About this task: Write out the data below in full, unchanged, minus the images.

Records shown:

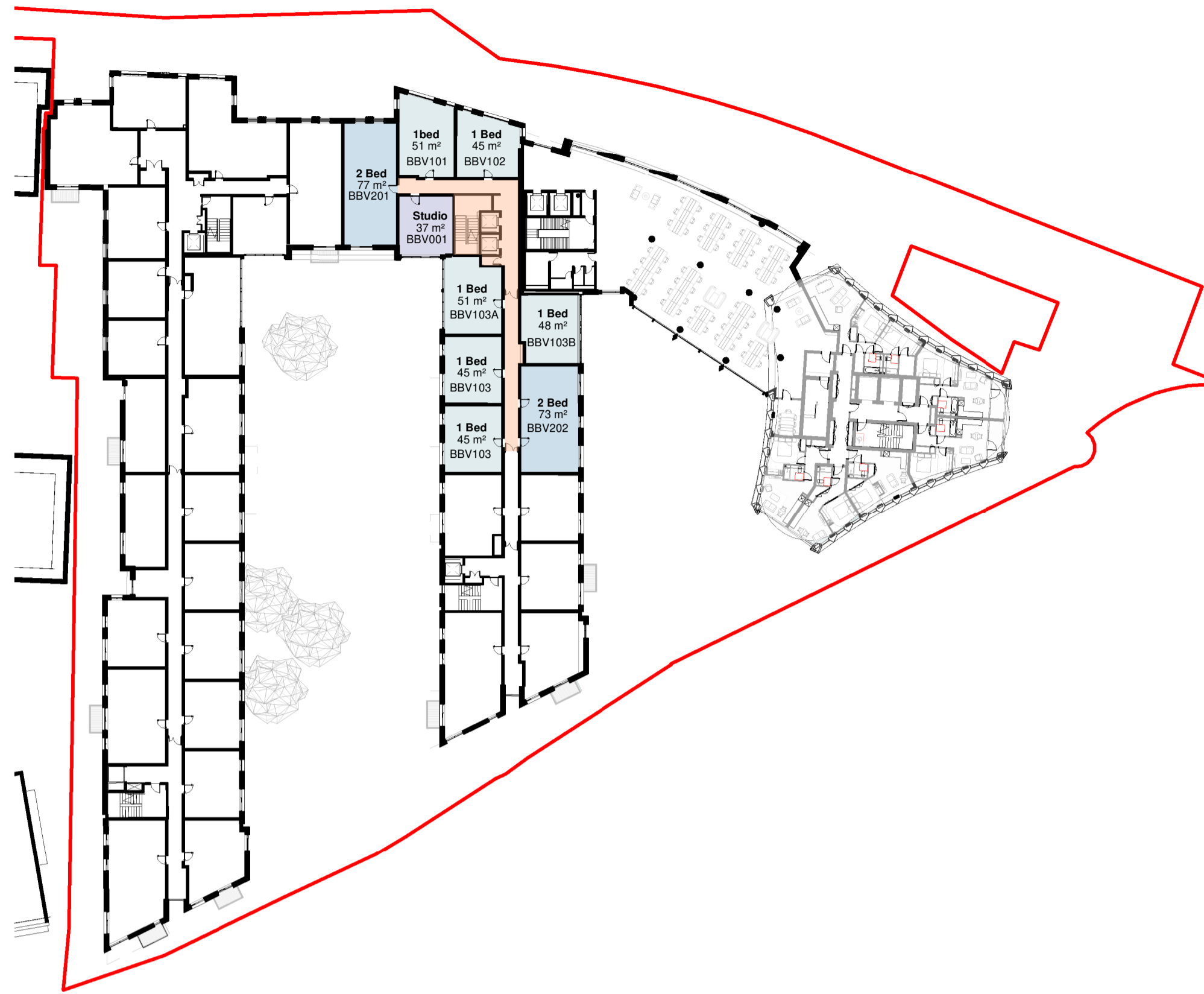
2nd - 6th Floor Plan - Part V 1 : 500
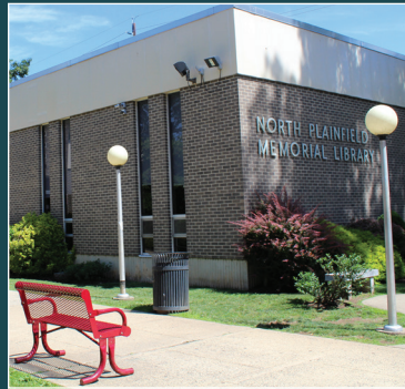
North Plainfield branch 6 Rockview Avenue No. Plainfield, NJ 07060 (908) 458-8435
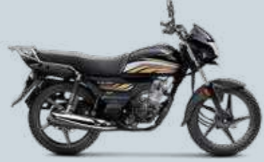
Black with Cabin Gold
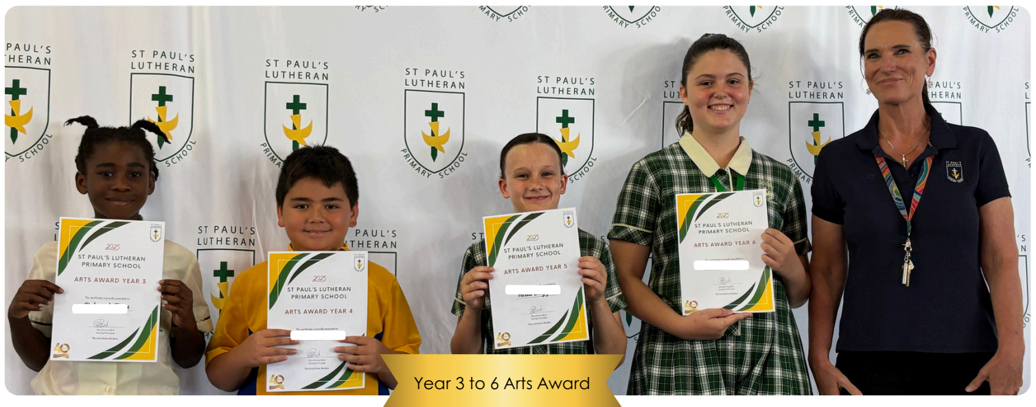
Year 3 to 6 Arts Award
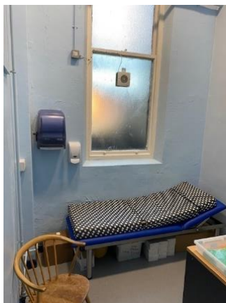
A dedicated Hygiene Suite and first aid room.
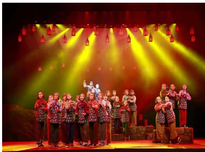
Figure 23. Stills of modern operas of Han Opera in Western Fujian

Since the 1960s, many plays have received great repercussions in the society. Many plays have participated in the provincial opera show and won awards. Some plays have also been made into TV dramas or adapted into TV drama series.

Answer below:
2nd - 6th Floor Plan - Part V 1 : 500
North Plainfield branch 6 Rockview Avenue No. Plainfield, NJ 07060 (908) 458-8435
Black with Cabin Gold
Year 3 to 6 Arts Award
A dedicated Hygiene Suite and first aid room.
Figure 23. Stills of modern operas of Han Opera in Western Fujian

Since the 1960s, many plays have received great repercussions in the society. Many plays have participated in the provincial opera show and won awards. Some plays have also been made into TV dramas or adapted into TV drama series.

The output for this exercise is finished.